1. Melbourne Geology of GOLD
5 day course on the geology of gold
This is to certify that Rob Chatterjee attended the Geology of GOLD course at the University of
Melbourne from 26-30 March 2007. He sat the final exam and was graded ‘First class Honour level’.
This course consisted of a two-day field trip to the central Victorian goldfields including Bendigo, and
three days of lectures. The lecture component consisted of:
- Why gold is a special metal: history, supply and demand
- Chemical and physical properties of gold
- Goldfields from around the world: gold-only and gold-plus deposits
- Forming a major goldfield: enrichment, segregation from base metals, timing
- Magmatic processes and gold
- Hydrothermal processes and gold
- Structural controls on goldfields
- Alteration around goldfields
- Fluid access and fluid-wallrock interaction
- Genesis of gold-only deposits
- Exploration design: footprint size and shape, depth extent, descriptive and genetic models.
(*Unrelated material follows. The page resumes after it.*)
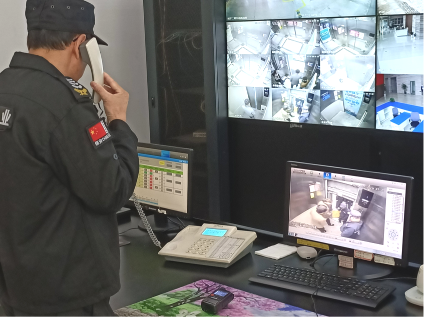 演練開始,乘坐人員進入電梯轎廂,由于突發(fā)情況造成電梯困人事故。監(jiān)控室接到求救電話,在確定被困人員的被困位置、被困人數(shù)、人員情況等,立即啟動緊急救援程序。

- Geology of Victoria and its goldfields
- Geomorphology and placer gold formation
- Weathering and gold
- Archaean greenstone gold, dolerites as host rocks, Kalgoorlie
- Goldfields at high metamorphic grade, i.e. Big Bell / Hemlo types
- Carlin gold province; porphyry-hosted gold; Witwatersrand gold
- Epithermal gold deposits in volcanic environments
- Iron oxide copper gold uranium deposits
- Exploration for gold including geophysical and geochemical methods
- Lateral thinking, problem solving, approximating – all as relevant to the mineral industry.
Course lecturers: Jonathan Law, Martin Hughes, Roger Powell, Neil Phillips.
Mine visits: Victoria Hill (field mapping exercise at a historic mine site in Bendigo), Central Deborah
(underground tour in Bendigo goldfield), Fosterville (Biox processing plant, open pit and drill core).
Practical exercises: Rock type recognition including common igneous, sedimentary and metamorphic
rocks, gold-related alteration at low and high metamorphic grade, representative samples from most
major gold deposit types globally, samples from non-gold major ore deposits, sulphide minerals
associated with gold deposits, using mineral chemistry as a tool to link assemblages to bulk rock
composition, structural reading in the underground environment, and interpretation of a set of rock
samples from a central Victoria goldfield.